Privaatrechtelijke bevoegdheden (artikel 5 lid 5)

Om namens de rechtspersoon gemeente Losser (art. 2:1 lid 1 BW) rechtshandelingen te verrichten is een volmacht nodig (art. 3:60 BW). Normaliter is de burgemeester bevoegd rechtshandelingen te verrichten namens de gemeente (art. 171 Gemw). De burgemeester van Losser moet dus een volmacht verlenen aan de burgemeester of ambtenaren van Enschede. Op deze volmachtverlening is afdeling 10.1.1 van de Awb van overeenkomstige toepassing (art. 10:12 Awb), net als titel 3 van Boek 3 van het BW. Artikel 5 lid 5 geeft aan dat artikel 5 lid 1 t/m 4, van overeenkomstige toepassing is. Dit betekent onder meer dat de volmachten worden opgenomen in de mandaatregeling. Zo geeft deze regeling dus inzicht in zowel de publiekrechtelijke als de privaatrechtelijke bevoegdheden.

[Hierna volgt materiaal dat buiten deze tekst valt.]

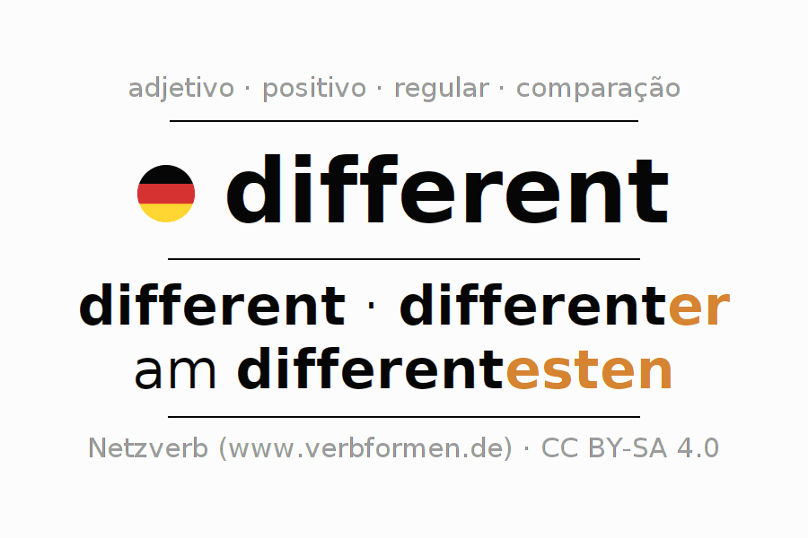 A declinação do adjetivo different (diferente) utiliza as seguintes formas de comparação different,differenter,am differentesten. As terminações para o comparativo e o superlativo são er/esten. O adjectivo different pode ser utilizado tanto como atributivo antes de um substantivo ou como predicativo junto com um verbo.Não se pode flexionar e comparar somente o adjetivo different, mas sim todos os adjetivos em alemão. Comentários ☆

Aankoopcentrale (artikel 5 lid 6)

Het zesde lid van artikel 5 voorziet erin dat in de mandaatregeling kan worden bepaald dat de gemeente Enschede als aankoopcentrale voor de gemeente Losser dient. De gemeente Losser is een aanbestedende dienst (art. 1, onder r, Besluit aanbestedingsregels voor overheidsopdrachten, hierna: Bao), hetgeen betekent dat de gemeente opdrachtverlening aan derden in beginsel moet aanbesteden, wanneer deze boven het drempelbedrag uitkomen. De gemeente Losser kan deze aanbestedingsplicht verleggen naar de gemeente Enschede (art. 18 Bao). De gemeente Enschede gaat dan als zogenoemde aankoopcentrale fungeren (art. 1, onder s, Bao). Dat betekent dat de gemeente Enschede namens de gemeente Losser aanbestedingen kan begeleiden en opdrachten kan gunnen.